(Input data):
◇ ◇ ◇ ◇ ◇ ◇ ◇

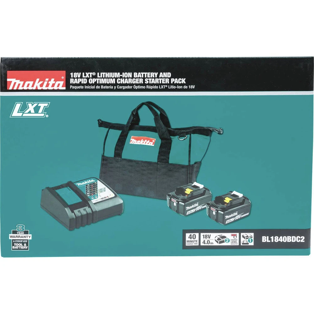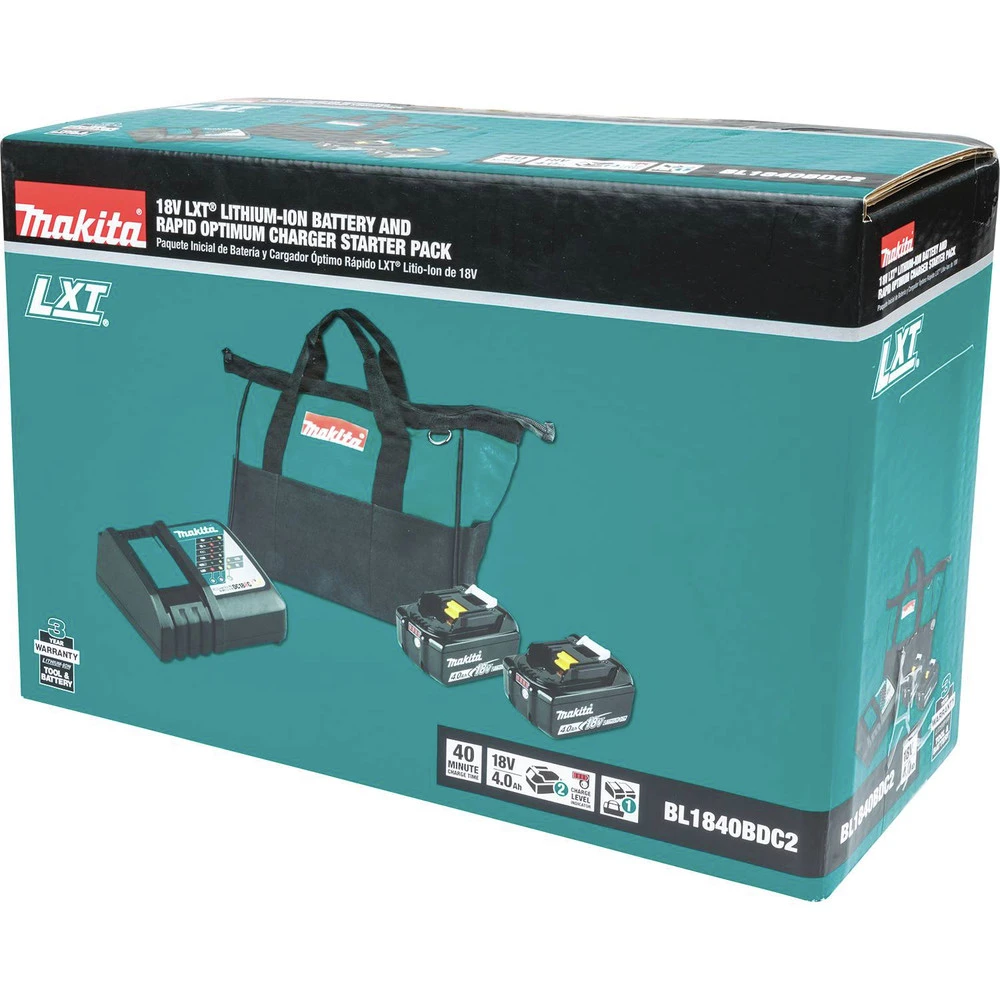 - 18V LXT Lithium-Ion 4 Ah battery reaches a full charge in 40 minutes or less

◇ ◇ ◇ ◇ ◇ ◇ ◇

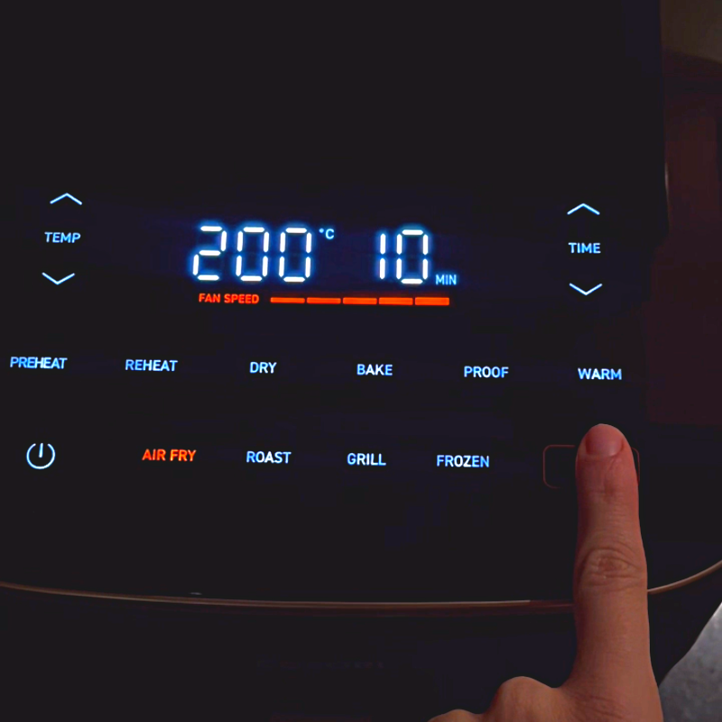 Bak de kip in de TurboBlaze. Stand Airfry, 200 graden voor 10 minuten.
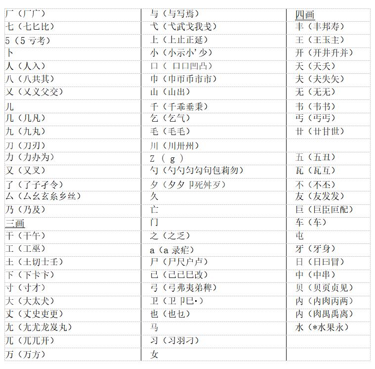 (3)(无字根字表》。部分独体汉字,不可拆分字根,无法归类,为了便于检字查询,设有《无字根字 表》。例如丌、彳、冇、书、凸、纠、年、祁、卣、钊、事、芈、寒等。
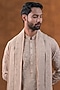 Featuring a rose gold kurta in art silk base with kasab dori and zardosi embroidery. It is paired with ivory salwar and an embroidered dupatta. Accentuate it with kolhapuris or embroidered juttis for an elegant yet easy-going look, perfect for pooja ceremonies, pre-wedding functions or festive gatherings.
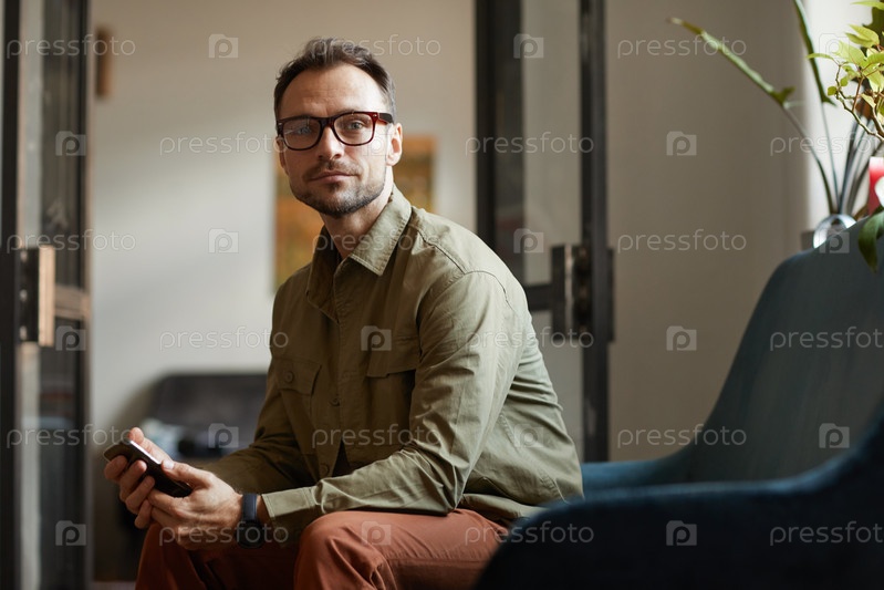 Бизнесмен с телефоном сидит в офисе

◇ ◇ ◇ ◇ ◇ ◇ ◇

(Instructions to follow): Print, word for word, the lines above that run from the line containing "Featuring a rose" to the line containing "Бизнесмен с телефоном сидит в офисе", both included. Keep the pictures out.

(Task output):
 Featuring a rose gold kurta in art silk base with kasab dori and zardosi embroidery. It is paired with ivory salwar and an embroidered dupatta. Accentuate it with kolhapuris or embroidered juttis for an elegant yet easy-going look, perfect for pooja ceremonies, pre-wedding functions or festive gatherings.
 Бизнесмен с телефоном сидит в офисе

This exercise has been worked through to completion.